▸ What is needed
Nothing but the text belongs in the answer: the listing below, copied exactly, without pictures.

═════ Provided material ═════

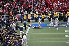 Washington got on the board on its first possession of the second half when Locker connected with wide receiver D'Andre Goodwin for an 80-yard touchdown. Cal's sole touchdown of the game came on defense, when Locker was sacked in Washington territory by linebacker Mike Mohammed and fumbled, enabling defensive lineman Cameron Jordan to recover the fumble for a 21-yard touchdown. The Huskies were able to come back and tie the game on a 37-yard field goal in the closing seconds of the quarter. The Bears regained the lead with a 47-yard field goal to open the fourth quarter. In the final minutes of the game, Locker was able to complete a 46-yard pass to Jamaal Kearse, enabling the Huskies to drive down to the 1-yard line. After two straight rushes by Locker failed, running back Chris Polk was able to score the game-winning touchdown with 2 seconds left in the game.[60]
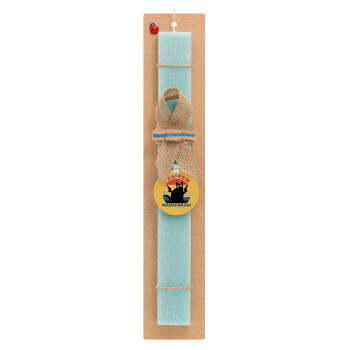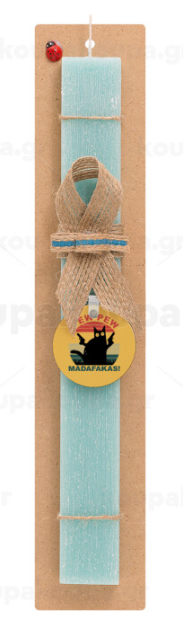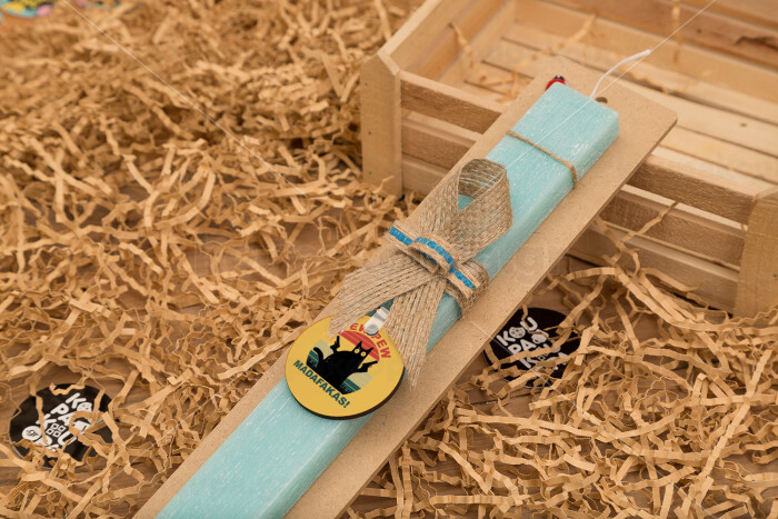 PEW PEW madafakas, Πασχαλινή Λαμπάδα με ξύλινο μπρελόκ & κερί αρωματικό πλακέ (30cm) (ΤΙΡΚΟΥΑΖ)
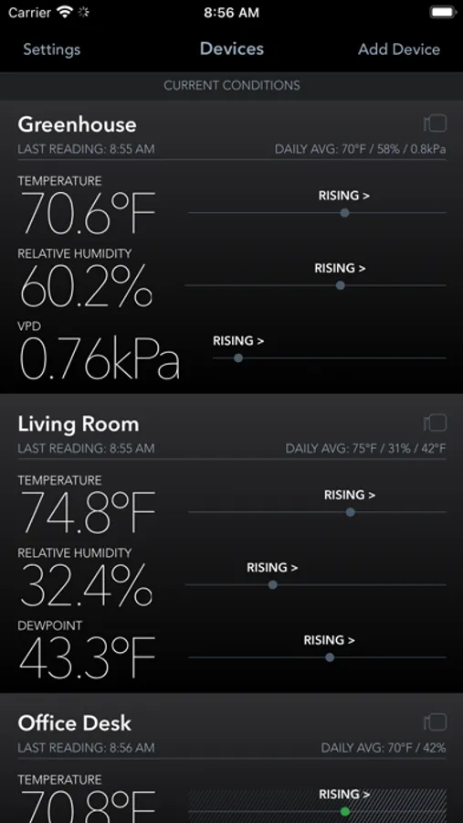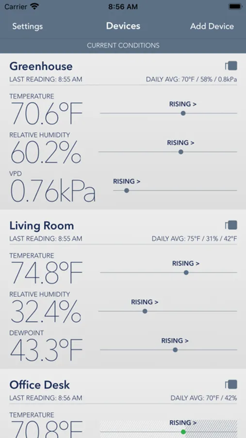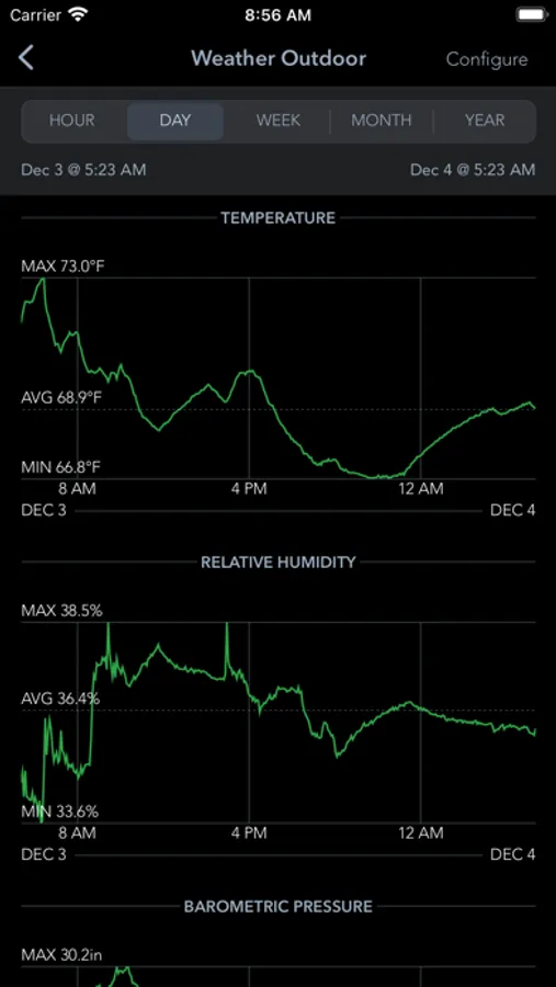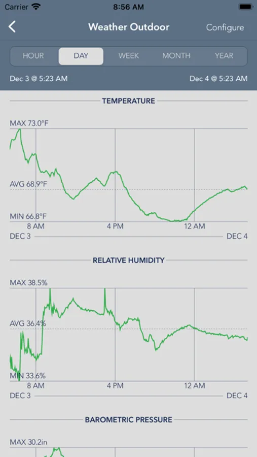 In addition to the elegant current conditions and time series displays, the distribution views give you instant insight into what temperature and humidity levels are most prevalent in a location and what the extremes were for the previous hour, day, week, month, or year.

═════

▸ Exercise answer
 Washington got on the board on its first possession of the second half when Locker connected with wide receiver D'Andre Goodwin for an 80-yard touchdown. Cal's sole touchdown of the game came on defense, when Locker was sacked in Washington territory by linebacker Mike Mohammed and fumbled, enabling defensive lineman Cameron Jordan to recover the fumble for a 21-yard touchdown. The Huskies were able to come back and tie the game on a 37-yard field goal in the closing seconds of the quarter. The Bears regained the lead with a 47-yard field goal to open the fourth quarter. In the final minutes of the game, Locker was able to complete a 46-yard pass to Jamaal Kearse, enabling the Huskies to drive down to the 1-yard line. After two straight rushes by Locker failed, running back Chris Polk was able to score the game-winning touchdown with 2 seconds left in the game.[60]
 PEW PEW madafakas, Πασχαλινή Λαμπάδα με ξύλινο μπρελόκ & κερί αρωματικό πλακέ (30cm) (ΤΙΡΚΟΥΑΖ)
 In addition to the elegant current conditions and time series displays, the distribution views give you instant insight into what temperature and humidity levels are most prevalent in a location and what the extremes were for the previous hour, day, week, month, or year.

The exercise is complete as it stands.